Similarly, reverse yankee normally accounted for around 20-25% of Euro supply, last year pencilling in the higher end of that range. However, this year is only running at just shy of 16%. This is due to the substantial Euro supply seen thus far in 2020. Much like in USD, EUR supply is well and truly on route for a record-breaking year for supply.

Reverse yankee & USD supply

Source: ING, Dealogic
ING, Dealogic

At this rate, we may still see slightly more reverse yankee supply than previously expected, but remains unlikely it will exceed last year's figure of €99bn. We originally pencilled in a forecast of around €65bn in reverse yankee issuance for 2020, we now expect that it may exceed this slightly and reach up to €80bn. What is also noteworthy, is the reverse yankee supply thus far has and will continue to be around the long end of the curve.
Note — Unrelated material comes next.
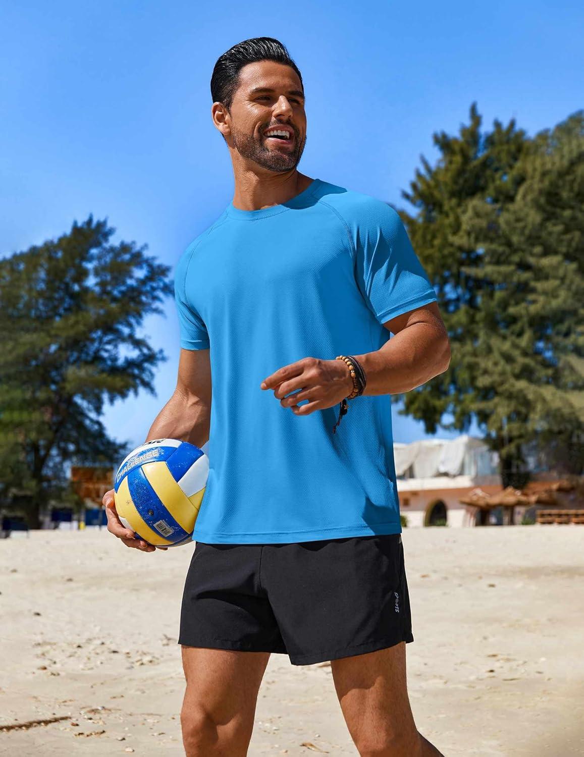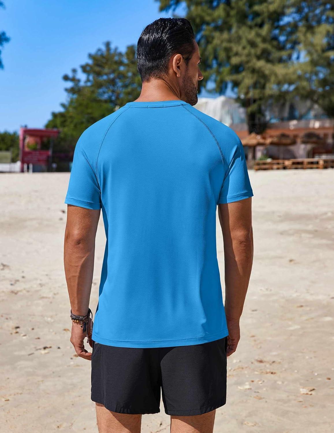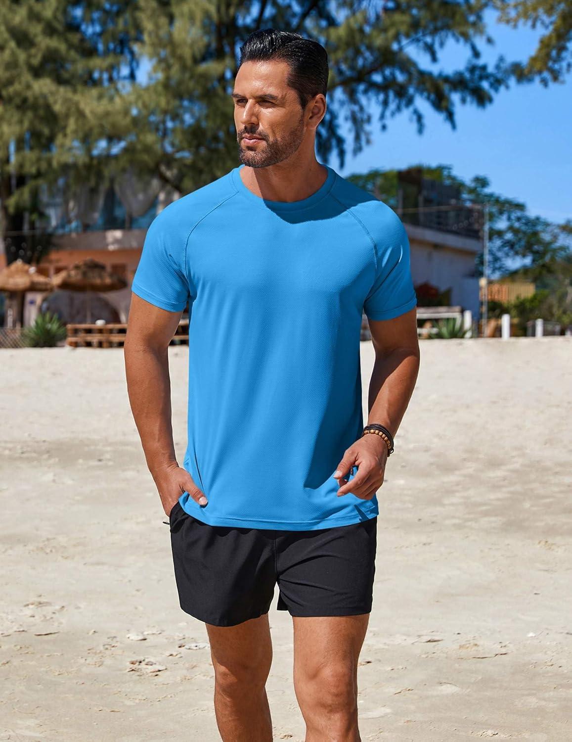 COOFANDY Mens Swim Shirt Short Sleeve UPF 50+ Sun Protection Shirt Rah Guard Athletic Quick Dry T Shirts(Sky Blue)

As the Fed is only supporting the short end of the USD curve, current long end attractive levels for reverse yankee offer US corporates an opportunity to issue longer-dated bonds.

To conclude, we forecast an increase in reverse yankee supply from our original outlook, now expected to reach up to €80bn.

As things stand at €45bn year-to-date right now, the slightly slower second half of the year is in line with our overall view of slower supply across the board for the second half of the year, as many corporates have undertaken considerable financing in an attempt to shore liquidity.

Of course our view on less reverse yankee supply still stands in relation to percentage of total USD supply. Now we stand at reverse yankee running at 7% of USD supply.

What are reverse yankee bonds?

A reverse yankee is a bond issued in EUR currency by a US corporate.

In most cases, this is utilised by US financial and non-financial corporates and swapped back into US dollars to finance US operations. Of course, there are some cases that the funds will remain in EUR and are used for European operations. US corporates can, therefore, issue in EUR to fund European operations or to take mathematical advantage as at times it could be a cheaper source of funding than to issue a USD bond.